The city of Fresno, California, is a sprawling place, not known for having a strong transit system. But it's been making big strides. Last year, this city of 500,000 passed a "general plan" that called for 45 percent of new development to be "infill," or built in already developed areas.
The plan relies on beefing up transit service as well. The proposal the city settled on calls for two bus rapid transit lines -- one running north-south and the other running east-west. About 60,000 people make their homes within a quarter mile of the proposed routes. Fresno was able to win some $50 million to make it happen, as well, thanks to a federal Small Starts grant and state environmental grants.
The city's major real estate developers, however, never liked the proposal to limit sprawl, and now they're threatening to derail BRT and the general plan. Those plans -- representing almost $60 million in spending -- are on the line in a City Council vote tomorrow. Will local officials vote to proceed with the BRT proposal, as required by state law?

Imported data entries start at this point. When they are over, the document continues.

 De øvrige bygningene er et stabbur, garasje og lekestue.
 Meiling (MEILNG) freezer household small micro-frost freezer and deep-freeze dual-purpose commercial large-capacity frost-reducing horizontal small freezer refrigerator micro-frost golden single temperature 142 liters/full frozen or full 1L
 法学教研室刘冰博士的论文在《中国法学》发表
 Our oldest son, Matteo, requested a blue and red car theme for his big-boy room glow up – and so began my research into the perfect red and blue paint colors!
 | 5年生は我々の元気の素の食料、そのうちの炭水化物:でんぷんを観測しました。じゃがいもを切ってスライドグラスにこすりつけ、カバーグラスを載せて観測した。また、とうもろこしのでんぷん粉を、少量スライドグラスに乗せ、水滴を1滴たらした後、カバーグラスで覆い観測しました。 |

Christine Baker is a coordinator with a group called FLARE Together -- Fresno Leaders Advocating Regionally for Equity. She said city government could go either way. In their opposition campaign, local real estate developers have teamed up with the Tea Party and the Amalgamated Transit Union, whose local leader is allied with Tea Party groups, Baker said. "We have a local PAC that has been running fear mongering ads on local conservative talk radio: 'If BRT is approved crime will increase in Riverpark,'" a shopping center.
If the city refuses to support BRT, it will lose the $50 million in funding -- which included three years of operating money -- as well as some $7 million that was spent developing the general plan. Plus, it will cost millions to develop a new plan.

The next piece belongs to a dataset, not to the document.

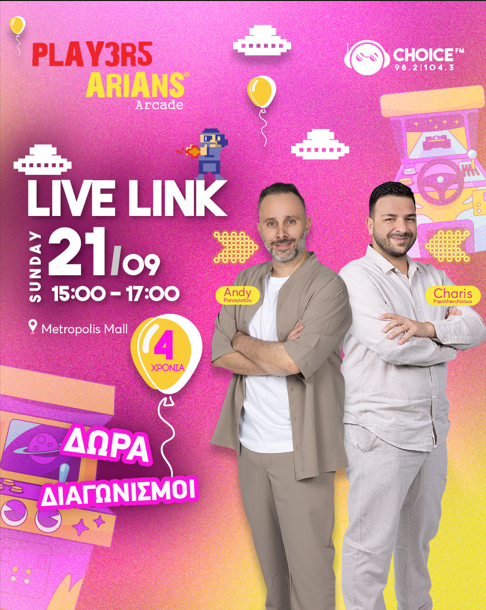 4 χρόνια γεμάτα παιχνίδι! 4 χρόνια γεμάτα διασκέδαση! Κυριακή 21 Σεπτεμβρίου, το Players Arians Arcade στο Metropolis Mall στη Λάρνακα, γιορτάζει τα 4 χρόνια λειτουργίας του και προσκαλεί όλους τους gamers, μικρούς και μεγάλους, να έρθουν να παίξουν, να διαγωνιστούν και να ζήσουν τη διασκέδαση στο έπακρο με δώρα και πολλές εκπλήξεις! Ο Choice FM θα είναι εκεί, σε ένα παιχνιδιάρικο live link 3 με 5 το απόγευμα, παρέα με τους Άντυ Παναγιώτου και Χάρη Παπαθεοχάρους! Κυριακη 21 Σεπτεμβριου, ραντεβου στο Players Arians Arcade… Let the fun begin!

"There’s no rational argument against it at this point," said Baker. "It's just all out war."
Opponents of the plan have suggested the money would be better spent improving existing bus routes. But federal guidelines wouldn't allow the money to be transferred that way. Furthermore, as the Frenso Bee pointed out in an editorial today, the city was required to show that the bus rapid transit lines would be financially viable in the long term in order to qualify for federal funding. So there's no sound reason to worry that other bus service would suffer.
"The fears raised and the arguments made by BRT opponents don't withstand scrutiny," the Bee editorial board wrote, accusing opponents of employing a "political trick."
"The Fresno City Council must move forward with BRT and give residents a much-needed upgrade in mass transit."